I stumbled upon some clips of a CMT documentary Waiting in the Wings about African Americans in country music from 2004. Contrary to popular image and narrative of country music being mainly a white Euro-American rural based music, this CMT documentary sought to explore the contributions of African American country musicians over the years and the African influences on the early development of country music. Unfortunately I couldn’t find a full stream of this documentary. If anyone has any leads leave a reply below.
Waiting in the Wings documents more than a century of contributions of African-Americans to country music and questions why the genre historically has included few African- American artists. The documentary also profiles five young African-American artists including American Idol finalist Kimberley Locke, Curb recording artist Trini Triggs, California songstress Vicki Vann, Pennsylvania native and Star Search finalist Rissi Palmer and Texas musical siblings 17-year-old Buddy and 15-year-old Tina Wright.

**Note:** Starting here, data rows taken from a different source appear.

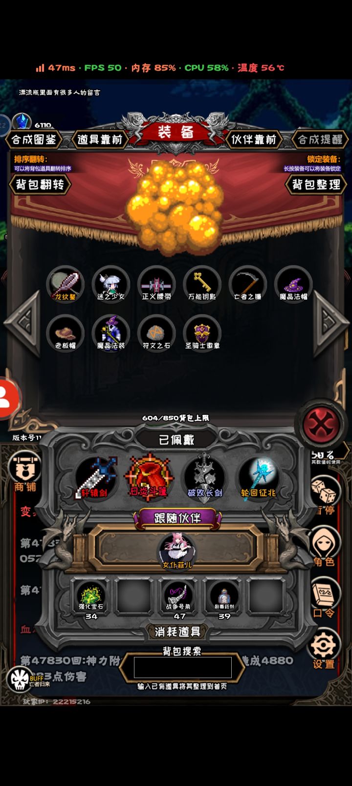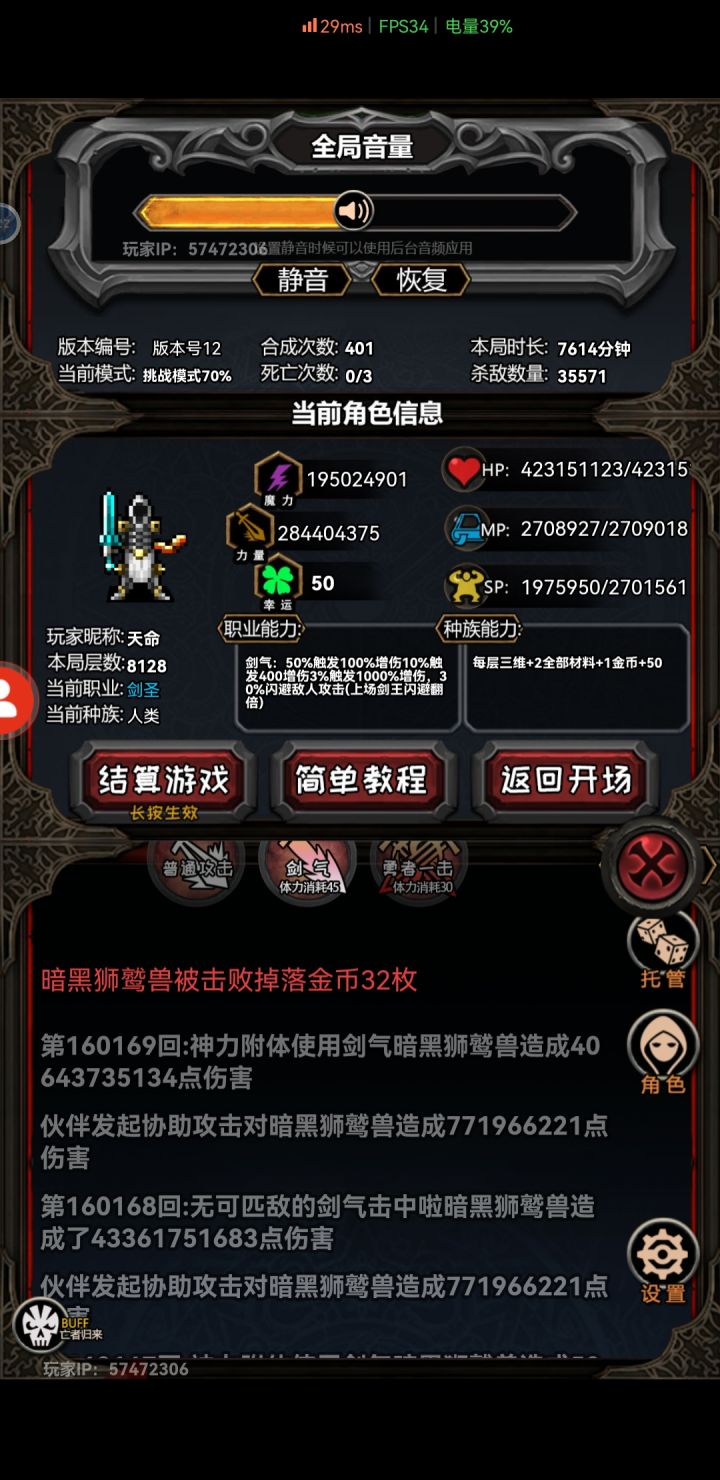 关于剑仙这个职业,我可能还是个新手。但是我玩了四次,前两次只有2000层以内拿到诛仙剑阵图,成了剑仙。但是我转了万灵体,没有先天剑体了。所以我就重新开了最后一次。这次开局非常顺利,一直到3000层。所有东西全部都有,就差诛仙剑图,用宝藏地图七八次,一次都没找到,现在都8000层了,还是能打得动,但是真的难受,一个怪要打四下。强烈建议调整,到后期对剑圣玩家真的不友好。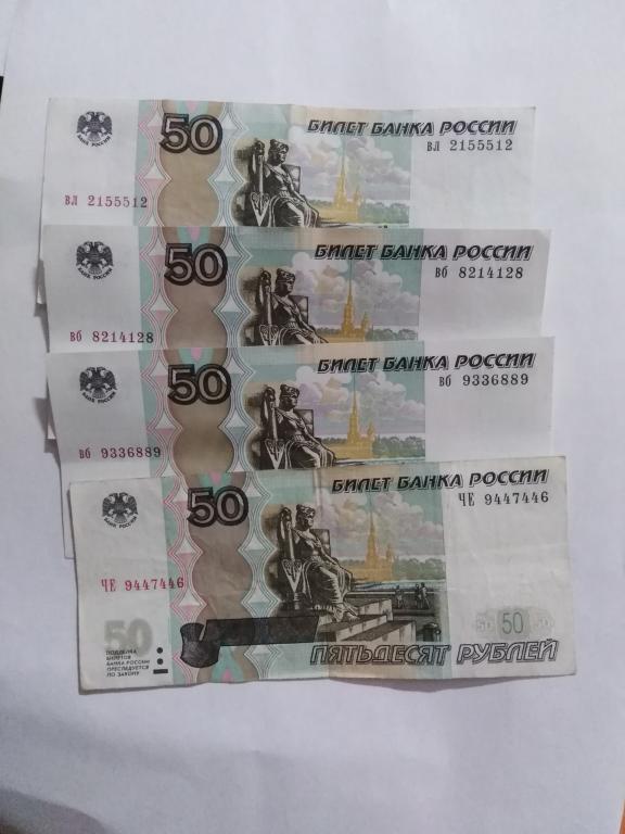 50 рублёвые купюры, с номерами радарами.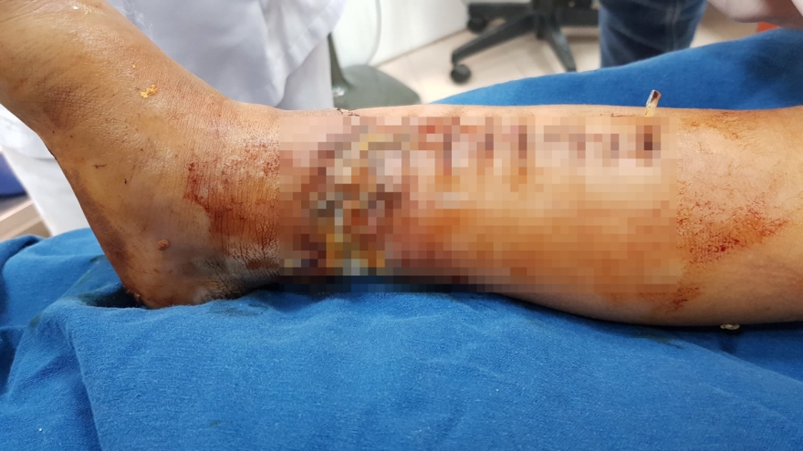 VOV.VN - Khi ngồi chơi trên nền nhà đang xây sửa, bé trai 7 tuổi, ở Thanh Hóa bị máy xúc múc phải khiến cẳng chân bên phải dập nát nghiêm trọng, nguy cơ phải phẫu thuật cắt cụt.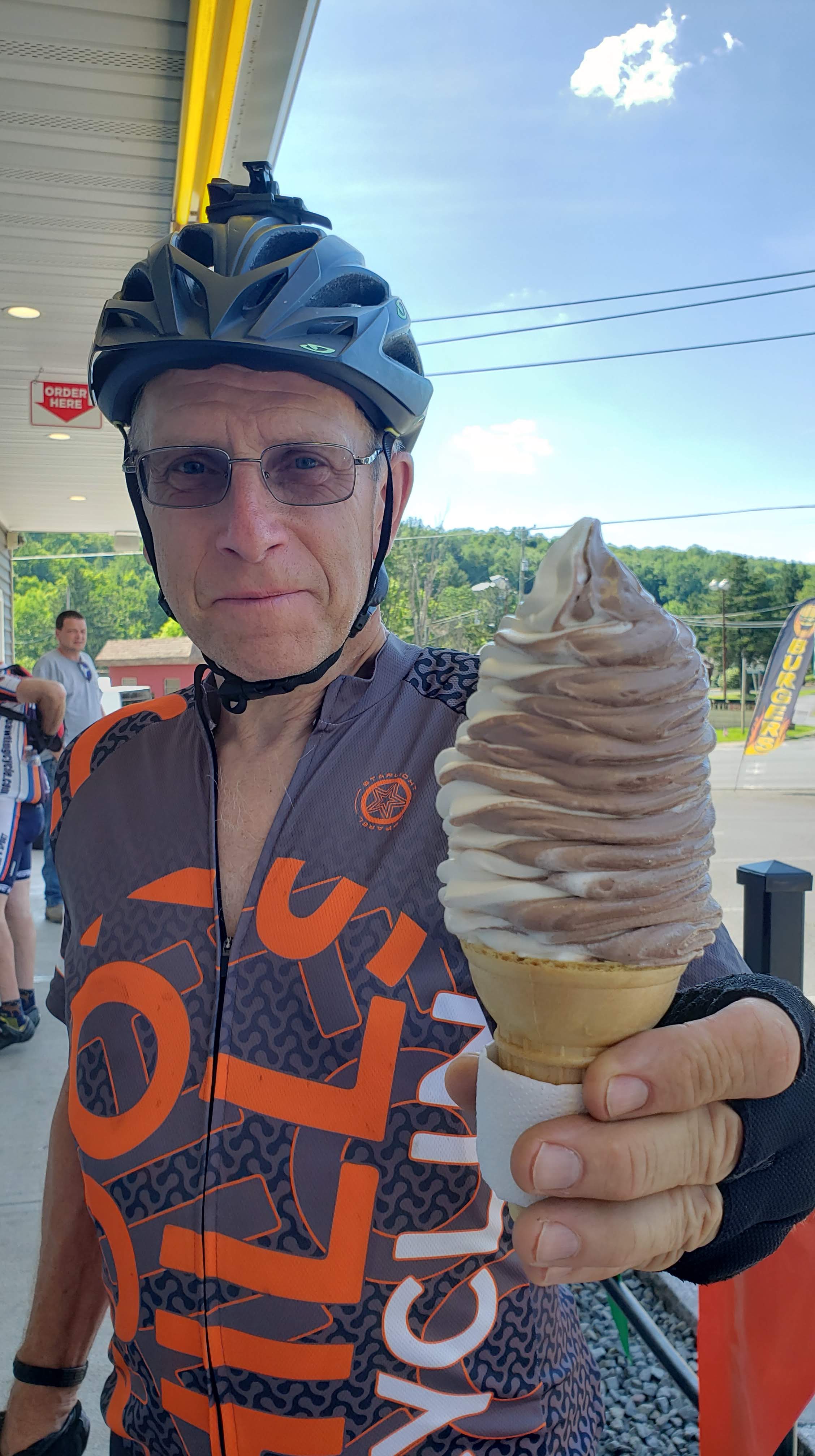 Maybe the best part of touring is ice cream stops. We were hot and sweaty and in need of inner cooling. A massive twist cone was just the ticket to keep moving. We’re at mile 82 with 36 hilly miles to go. By mile 101, we’re all cooked again and just want to get to our next overnight room but we have four more “bumps” to conquer before being rewarded with a 5-mile downhill into Windham. From Windham, it’s only another 3 miles to our room. We finally get cleaned up and head next door to Vesuvio Restaurant in Hensonville. We ate like royalty and after a long day, it felt good to put real food in the belly.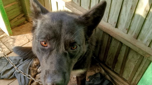 Это не собака,  это ужас летящий на крыльях ночи. Ошейник притянули донельзя! Научилась запутывать цепь. Натягивает её, вылезает из ошейника и сбежала. Вредительница вместо того, чтобы статью писать или пиццу сделать я её часа полтора по станице искала. Научилась и калитку уличную открывать. Так думаю, на ручку лапой нажала и пошла гулять.  Я домой зашла нет её. -Пойду в центр за ней. Следы видела в ту сторону ведут. Это я Сергею. -Я ей устрою когда явится! Вышла почти полпути одолела. Вот она...

The 90-minute documentary traces the roots of African American influence on country music from the nation’s early days including the split of Southern music in the 1920s to become “hillbilly music” for white audiences and “race music” for black audiences. It also looks at the role black musicians played in shaping country music’s pioneers including the legendary Hank Williams. At age 9, Hank Williams learned to play guitar from local blues man Rufus “Tee-Tot” Payne. “Daddy’s 9 years old and getting guitar lessons … if they hadn’t met, there might not have been a Hank Williams,” commented Hank Williams Jr. on the influence the African-American musician had on his father. “I could just close my eyes and visualize them out on the street. Someone asked Daddy if he had any formal musical training and he said, ‘I got all the training I needed from Tee-Tot.'”
Charley Pride, the most commercially successful African-American in country music history, speaks candidly about the launch of his career during the Civil Rights movement. Pride, signed by RCA in 1965, scored 29 No. 1 hits from 1966-1992 including “Kaw-Liga,” “Kiss an Angel Good Mornin'” and “Is Anybody Goin’ to San Antone.” He was voted the CMA’s male vocalist in 1971 and 1972. Remarking on the current state of African-Americans in country music, Pride tells CMT, “It’s pitiful to have to still be talking that way in 2003, but … I think it’s got to come down to a collective body of Americans. That’s what we’ve got to do.”
Locke says Curb Records label head Mike Curb has a fresh approach to marketing the new singer. “Mike Curb said, ‘I’m not going to make you pick a genre of music,’ and that thrilled me. I was so excited to hear him say that, because that let me know he knew me as a singer; your ultimate goal is to have your music played on the radio … and rather than pigeonhole myself into one genre of music, why not go for the gusto and see what I can do in any genre that I want to tackle?” Added Locke about her future plans, “We don’t want to try to have a country hit right off the bat but gradually, moving into that, I think that is a good way to introduce black artists to the country music world. We get in our comfort zones, and people don’t want to step outside of that, but a good song is a good song.” Naomi Judd says, “We’re all Americans. There’s still an imbalance, and when I heard that CMT was doing this documentary, I thought, ‘Well, it’s about time.’ There’s segregation in country music. Programs like this go a long way.”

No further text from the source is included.